Hembree is the former 15th Circuit Solicitor, preceding current Solicitor Jimmy Richardson, who filed the nuisance cases against the massage parlors and previously defended the investigation. Attorney James Battle, who served as special prosecutor for the investigation, is also Hembree’s son-in-law.

Hembree said preventing law enforcement from engaging in sexual conduct as part of an investigation could lead to police just avoiding prostitution of sex trafficking investigations altogether, which would ultimately result in criminal enterprises expanding and more people being trafficked.

He said internal police policies typically encourage officers from not going any further than needed to make the case.

Surfside Beach Police Chief Kenneth previously told The Sun News he wouldn’t permit his officers to engage in sex acts as part of an undercover operation. The North Myrtle Beach Public Safety Department Code of Conduct also prohibits on-duty employees from soliciting or engaging in sexual activities, according to city spokesman Pat Dowling.

Myrtle Beach Police Cpl. Tom Vest referred a reporter to the department’s online policy manual, but nothing specifically references an officer engaging in sexual activities. Horry County Police spokeswoman Mikayla Moskov declined to comment, citing a county policy not to offer commentary on matters related to pending litigation.

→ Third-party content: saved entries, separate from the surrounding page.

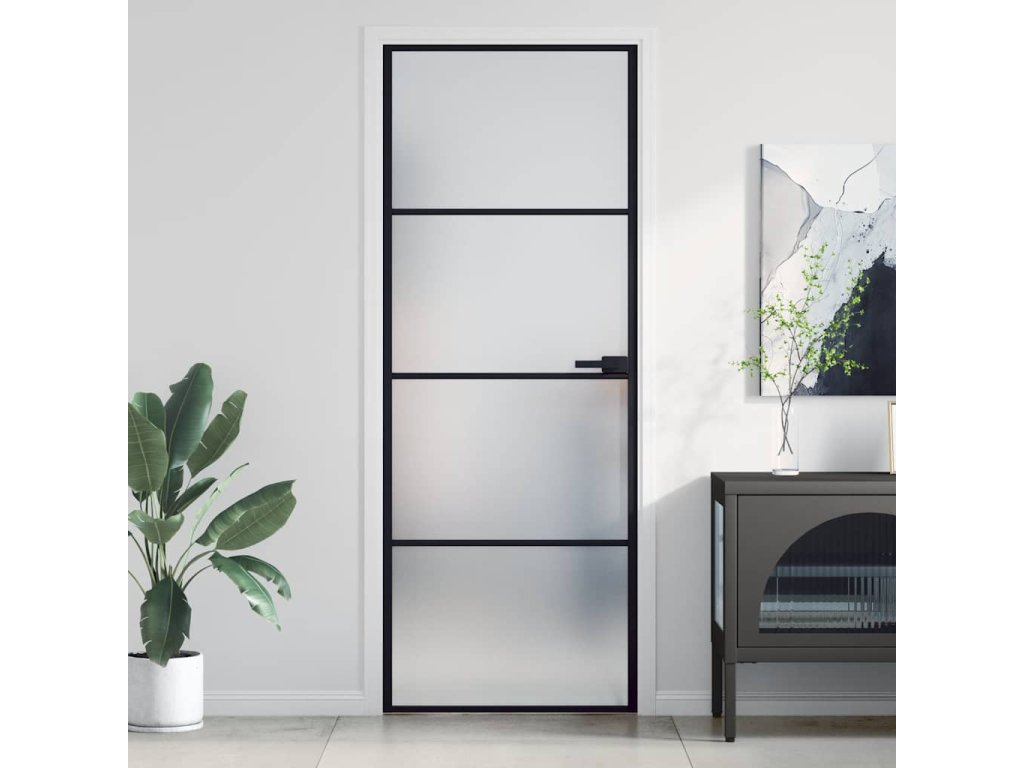 Interiérové dveře úzké černé 76x201,5 cm tvrzené sklo a hliník 155117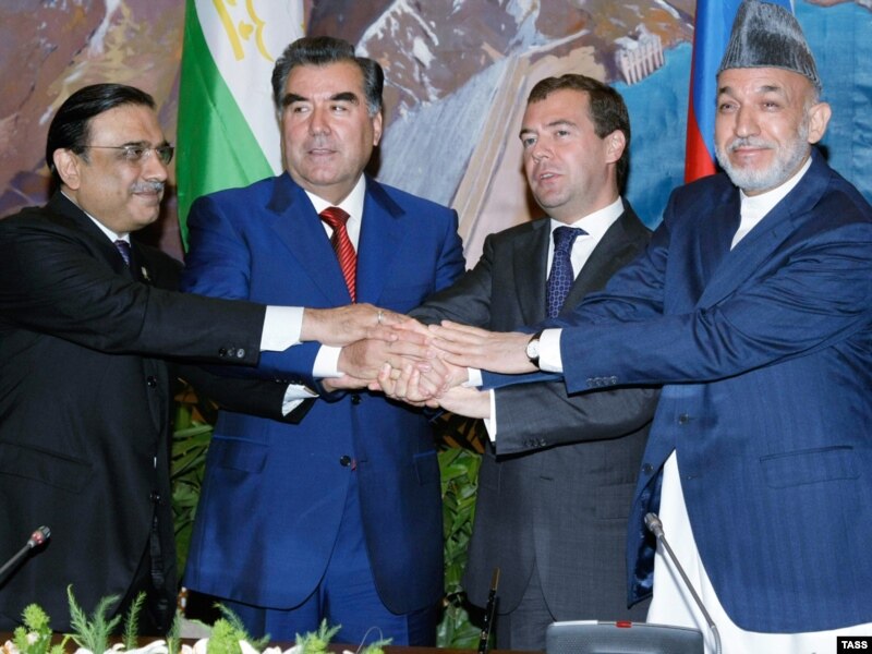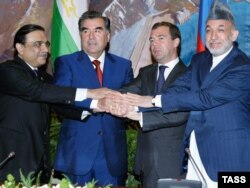 Медведев Дүйшөмбү калаасында Ооганстандын, Пакистандын жана Тажикстандын президенттери менен жолугушууда сүйлөдү.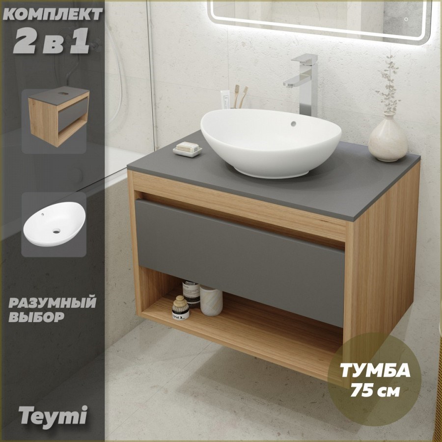 Тумба подвесная с раковиной для ванной 75 см Teymi Ritta корпус дуб фасад графит раковина Lori 60 F03413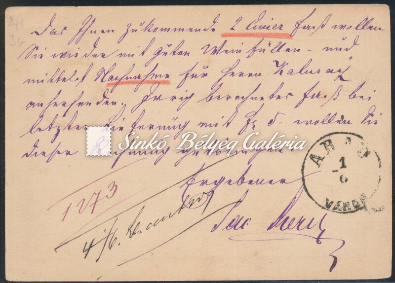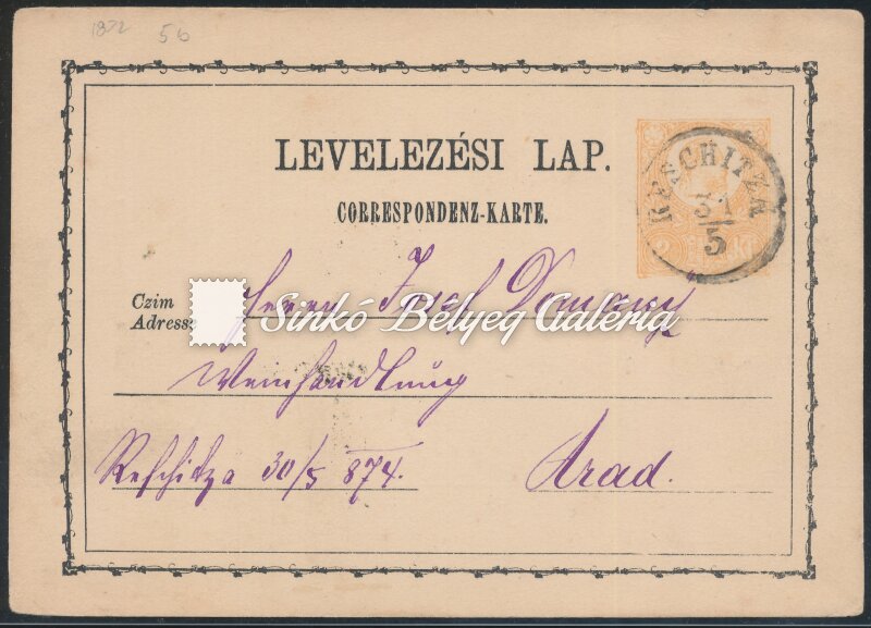 Description | 1874.05.31. Levelezési Lap RESCHITZA-ARAD között. 2k díjjegyes levelezőlapon. / 1874.05.31. Letter-card between RESCHITZA-ARAD. On a 2kr postal stationery postcard. |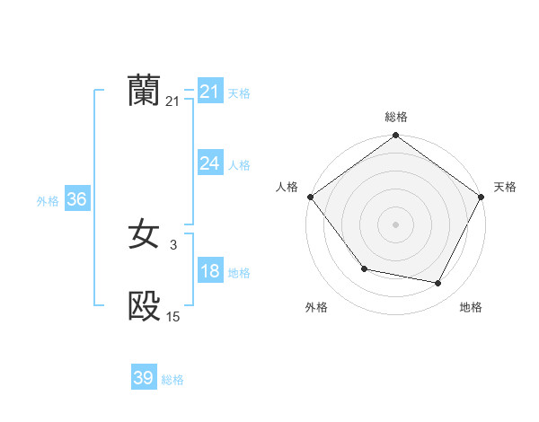 蘭 女殴さんの天格は21画の5点!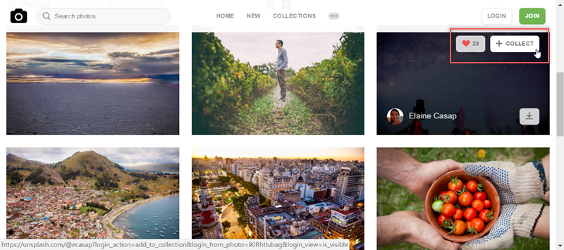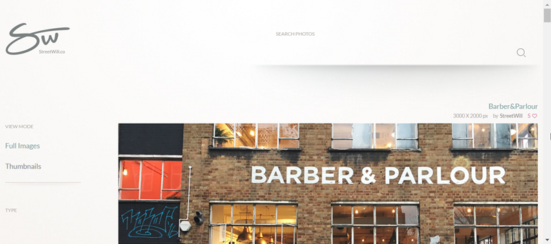 預設也是大張圖片的瀏覽方式,可以在左排功能切換成縮圖模式,從圖片上就能看到尺寸、拍攝者跟喜愛人數,點圖就可以按讚或下載,簡單一個頁面搞定。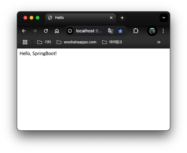 프로그램을 종료했다가 다시 실행한 후에 localhost:8080 으로 접속하면 아래와 같이 Hello, SpringBoot! 가 표시되는 결과를 맞이하게 된다.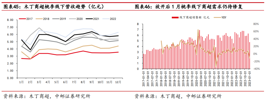 桃李需求端总体具有韧性,但仍待复苏。根据木丁商超数据,疫情三年期间,桃李在KA商超端需求较为稳定,2020-2022年销售额分别为67/67.4/72.6亿元。从近期看,疫情放开后的短期冲击以及1月过年较早,桃李线下商超销售额同比下滑11%,但预计在节后复工、学生开学催化下,2月起需求端逐渐复苏。
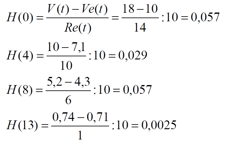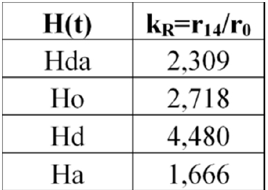 Замечаем, что максимальное значение этого коэффициента зависит только от параметра Хаббла. Коэффициент изменяется от 1 (в наши дни) до максимального значения (в прошлом, 14 млрд. лет назад). Для разных параметров Хаббла, рассмотренных в наших вычислениях, коэффициенты kR имеют максимальные значения:
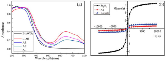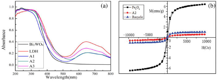 Figure 2. (a) UV-vis diffuse reflectance spectra of the samples; (b) the magnetization curves of Fe3O4, A2 and the recycled catalyst
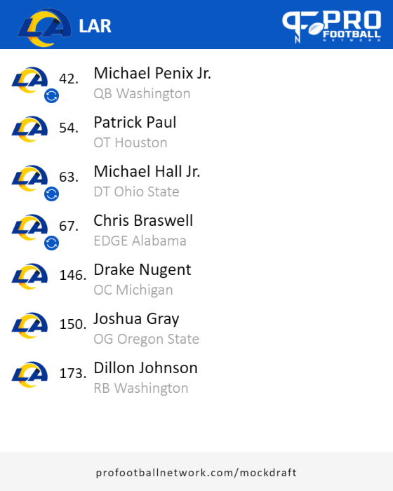 Just don't take him too early. Kid's very brave in the pocket. He's gonna be a pocket passer in the NFL. But I wouldn't touch him until round 2 range at the least due to his injuries. I think in that range though his skills and ability to hit deep passes endears him greatly to McVay. Question is does McVay jive with him in the whiteboard session.There's a lot of reasons to like Penix but there's a lot of reasons to pump the breaks. This is a good one. Along with his injury history, age, etc... I think unless you're a team that needs to take him, I'd steer clear. Need and eye candy will almost ensure he goes in the 1st but if he were to drop to the 2nd I don't think you take him unless you need a QB and your already on the "let's take a chance" carousel.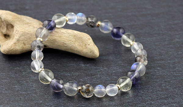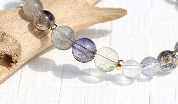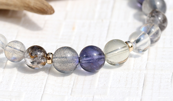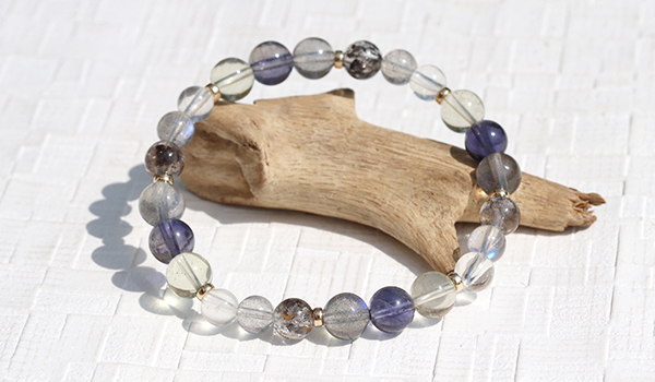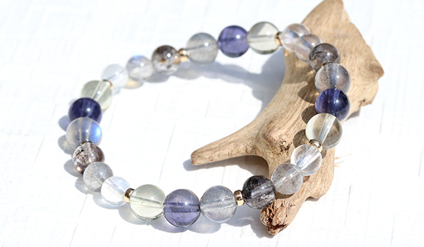 アイオライトAAAA7mm、リビアングラスAAA7mm、ラブラドライトAAAAA6mm、ロイヤルブルームーンストーンAAAAA6mm、ヒマラヤエレスチャルAAA6mm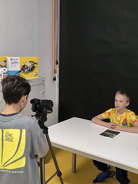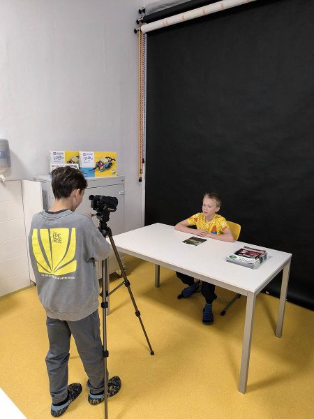 Nová multimediální učebna je rozdělena do zón. Tady se natáčí podcast, tam se stříhá video, vedle se programuje. „Nechceme, aby děti jen konzumovaly technologie. Chceme, aby je využívaly kreativně,“ vysvětluje koordinátorka ICT Monika Cieślik.

Hembree said he believes there has to be an overt act to prove the criminal activity.

“It’s not like (an officer is) doing this so they can have some sexual experience,” Hembree said. “That’s not the goal; the goal is to catch the person, but you’ve got to get sufficient evidence to make that case.”

He said he would consider supporting an effort to redefine prostitution in a way that would lessen the amount of evidence needed to ensure a successful prosecution.

S.C. laws currently define prostitution as “engaging or offering to engage in sexual activity with or for another in exchange for anything of value.”